Key words: histological images, virtual atlas, content-based image retrieval
Las imágenes histológicas son un importante recurso para la investigación, la educación y la práctica médica. La disponibilidad de imágenes individuales o colecciones de imágenes de referencia está limitada a formatos impresos como libros y revistas científicas. En aquellos casos en donde se publican conjuntos de imágenes digitales, éstos están compuestos por algunas cuantas decenas de imágenes que no representan la gran diversidad de estructuras biológicas que pueden encontrarse en los tejidos fundamentales. Contar con una completa colección de imágenes histológicas es de gran apoyo para los procesos de investigación y educación en diferentes áreas de la medicina, biología y ciencias. En este trabajo se presenta el proceso de adquisición de una colección de 20.000 imágenes histológicas en formato digital, desde la preparación y fijación de los tejidos hasta su digitalización bajo el microscopio, con el propósito de publicarlas como material de referencia para la comunidad académica en general. Además, se presenta el diseño y la arquitectura de un sistema para consultar y explorar la colección de imágenes, utilizando herramientas de búsqueda basadas en el contenido de las imágenes y en las anotaciones provistas por los expertos. El sistema también ofrece novedosos mecanismos de visualización de las imágenes, para facilitar la tarea de identificar las imágenes interesantes entre otros cientos posibles en la colección. El sistema fue desarrollado usando una arquitectura orientada a servicios y ofrece acceso a través de la Web en http://www.informed.unal.edu.co
Palabras clave: imágenes histológicas, atlas virtual, recuperación de imágenes basada en contenido.

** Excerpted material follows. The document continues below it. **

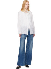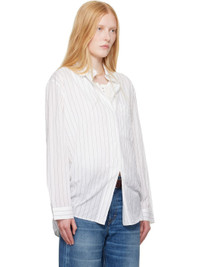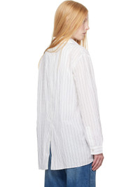 Cotton poplin shirt. Stripes throughout. · Spread collar · Button fastening at collar · Vented placket at front and back · Logo embroidered at patch pocket · Central vent at front and back hem · Adjustable buttoned barrel cuffs · Mother-of-pearl hardware Part of the OUR LEGACY WORK SHOP, in collaboration with Emporio Armani. Supplier color: Pepe nero stripe 100% cotton. Made in Portugal 252803F109015

Biomedical images are an important asset for health research and medical practice. There are a multitude of devices for biomedical image acquisition that range from simple, e.g. a digital camera coupled with a conventional optical microscope, to complex, e.g. specialized equipment for Positron Emission Tomography (PET). These devices are routinely used in the daily medical practice and biomedical research, generating a continuous stream of images. The great majority of these images are digital and a good amount of them are permanently stored in digital image repositories. These image collections are a potential source of information and knowledge. However, the realization of this potential requires effective mechanisms to access, to explore and to visualize large image collections.
In particular, histology images are of great importance for studying the composition of cells, glands, tissues and organs, and the possible pathologies that may affect them. Research in histology heavily relies on high quality images to characterize biological structures using different stain procedures and microscopy techniques. Also, the education and training of students in medicine and natural sciences require the constant evaluation of histology images to understand the composition and behaviour of living beings, and to learn how to distinguish between normal and abnormal conditions of biological structures. In that direction, we want to build an accessible collection of histology images that can support different tasks in research and training processes (Aijón Noguera et al. 2008).
A collection of histology images has to meet some properties to be considered as reference for such taks. First, it has to have enough material to satisfy different information needs in histology, including samples from different tissue varieties, acquired from distinct organs and systems. Also, these images should be acquired using various staining techniques and microscopy modalities, that reveal complementary aspects of the underlying biological structure. Second, the collection has to be indexed and organized in such a way that accessing it and finding useful images can be a straightforward task.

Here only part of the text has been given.